The most important thing to do is to enjoy your free time because you will never have free time again. Ever. Next, the way I prepared for medical school was by watching lots of documentaries. For instance, our professor asked a question about Munchausen syndrome by proxy the other day and I knew the answer thanks to watching a documentary about the disease. (below)
We just finished the midterm for the first half of our Brain and Behavior module and most everyone was pleased with the results. We’re still waiting to hear back on our “challenges” which should increase our scores a bit.
Our tests are taken on computers and after we finish, the computer will list all of the questions we got wrong and what the correct answers were. We are then given the chance to challenge any questions we felt were unfair or not represented well in lecture by writing out a brief defense. In general the class, as a whole, receives a few points back which pretty much serves as a curve so the majority of the class doesn’t fail (score below 70%).

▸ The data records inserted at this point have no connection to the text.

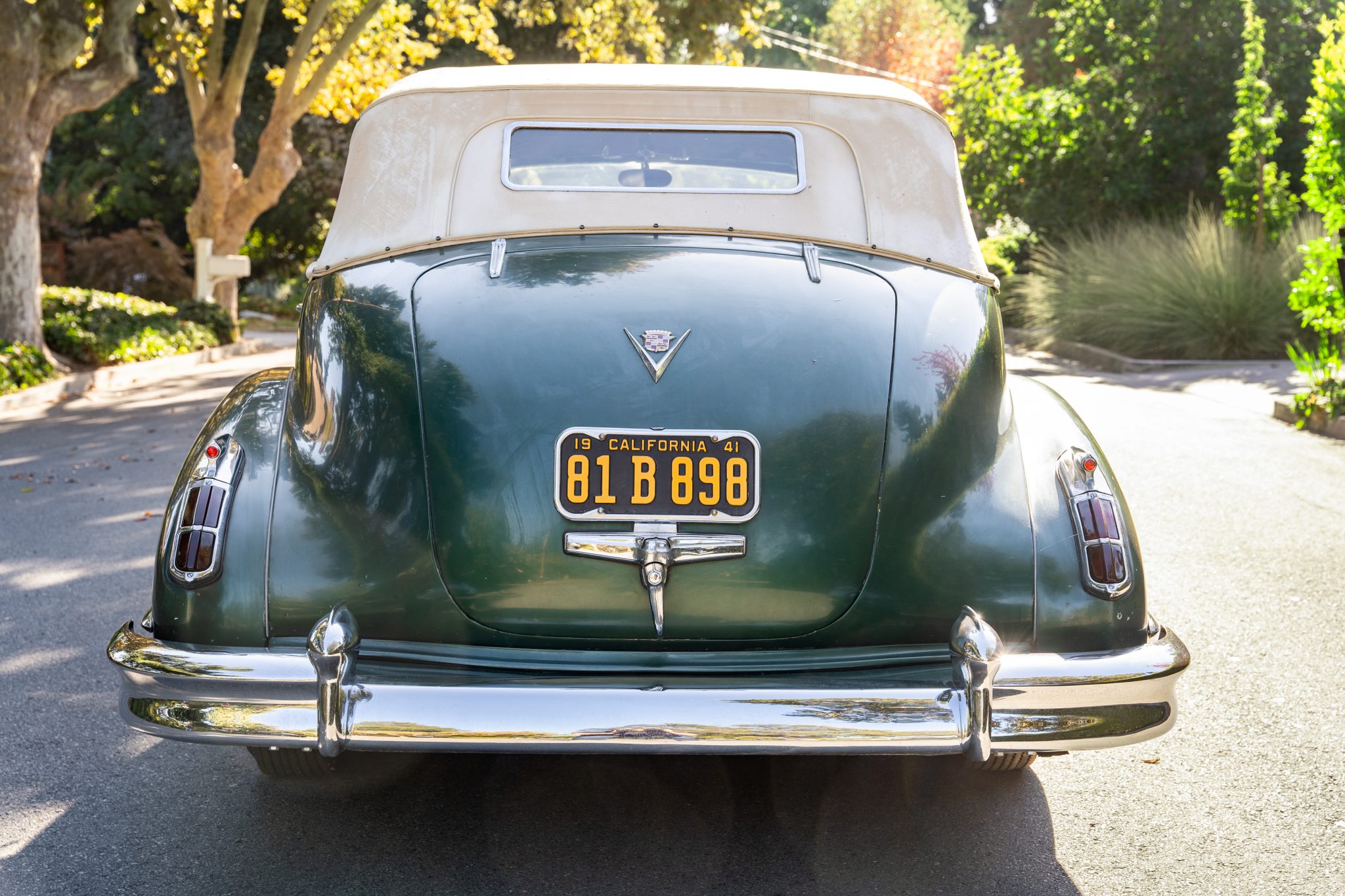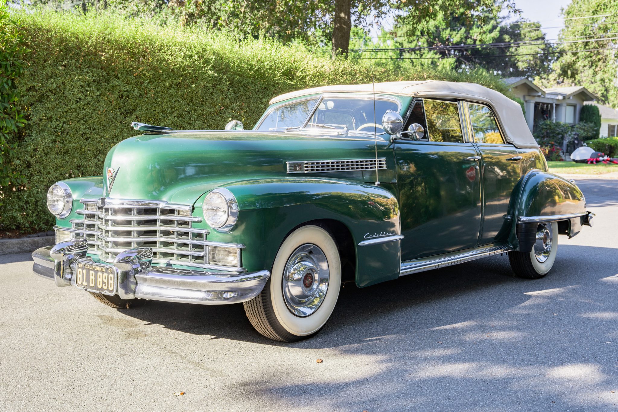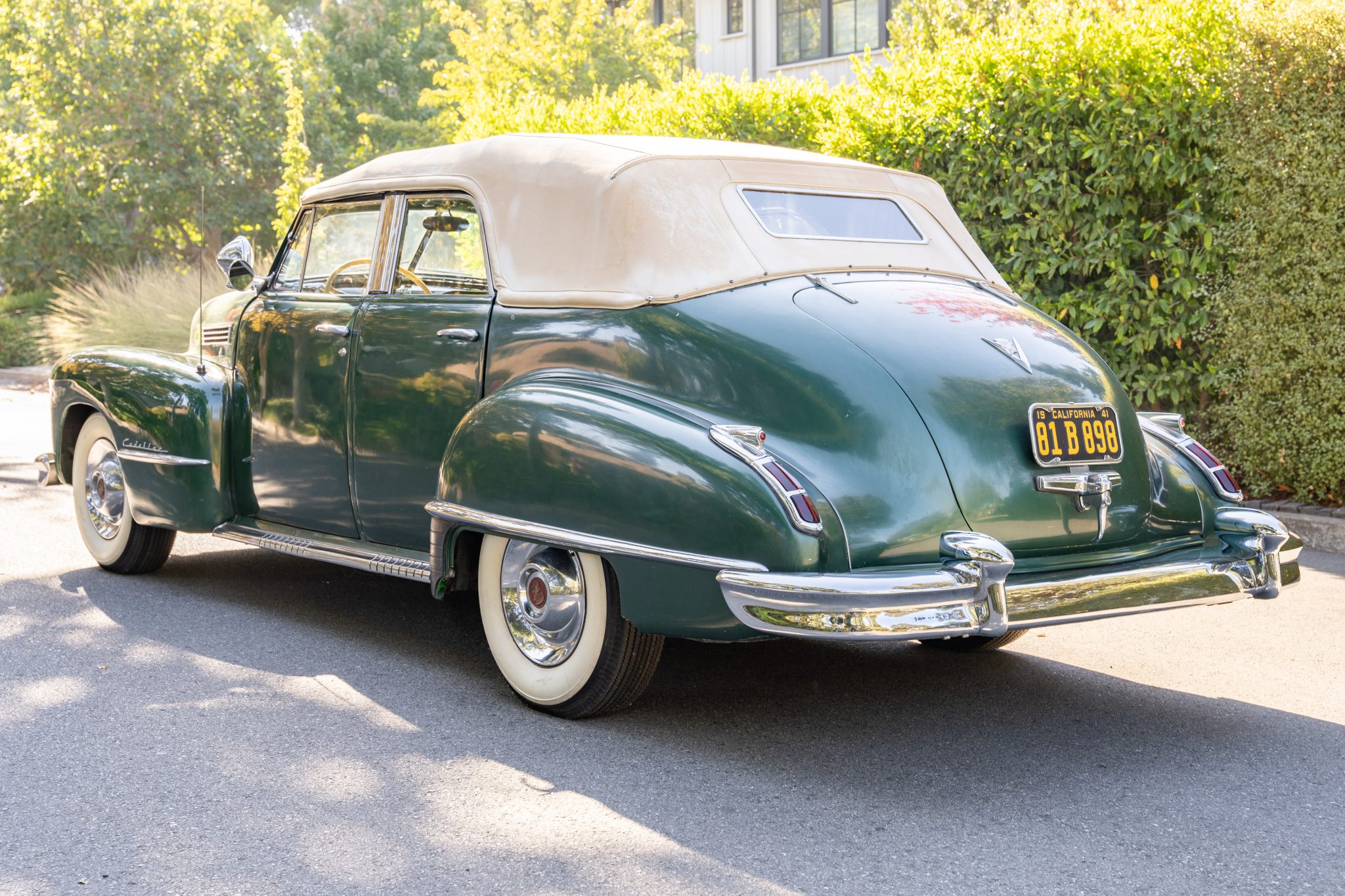 Black-painted steel wheels wear chrome covers and are mounted with 7.00-15 Firestone Deluxe Champion bias-ply wide whitewall tires. A full-size spare wheel and tire are stowed in the trunk. The Series 62 rides on a 126″ wheelbase and features a coil-sprung independent front suspension as well as a live rear axle with leaf springs. Stopping power is provided by hydraulically assisted drums at all four corners.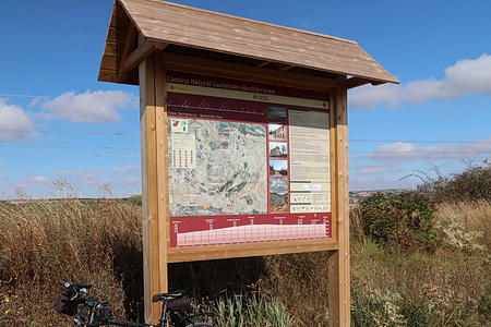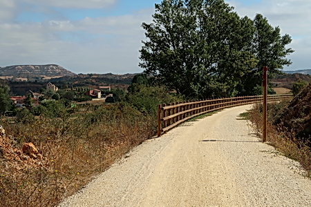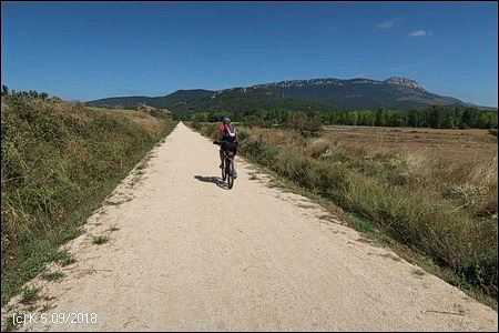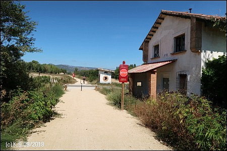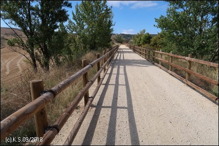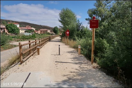 Eine Infotafel und ein Wegweiser, so beginnt der Radweg "La Bureba". Ein holpriger Feldweg, teils zugewachsen, führt auf der Trasse zurück Richtung Burgos, wo die alte Bahnstrecke von Straßen und Industrieanlagen überbaut wurde. Die Vía Verde selbst ist nicht asphaltiert, sondern erhielt eine Decke aus festgewalztem Splitt und Sand, an manchen Stellen auch schon wieder recht lose.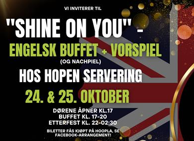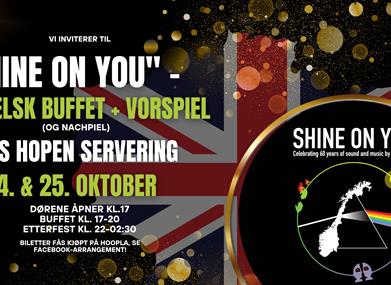 You are here: What's On > "Shine On You" - Engelsk buffet + vorspiel (og nachspiel) hos Hopen Servering!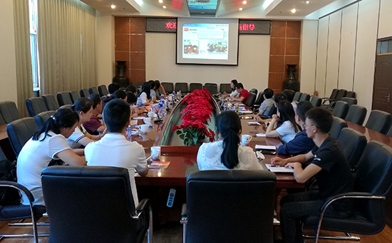 周燕副校长向客人介绍了我校的基本情况、办学历史、办学特色、办学成效,重点介绍了我校在“一带一路”建设中所做的探索和课程思政的思路与做法。

On this test, I considered taking our challenge system a step further. When I was confronted with a difficult question over a topic I wasn’t completely comfortable with (optics), I was tempted to write about a topic of my choice, that I’m more familiar with (zombies). Or as I like to call it, “pullin’ a Palin“.
(As a side note, my baby brother called me tonight, while I was watching the second presidential debate, to talk to me about the episode of Scare Tactics he was currently watching. Let me reiterate that my formerly politically charged and enlightened twin was watching people being chased by fake werewolves and rat monsters instead of a pivotal political debate. I’m worried that small town America has inflicted some permanent damage on him and it may already be too late.)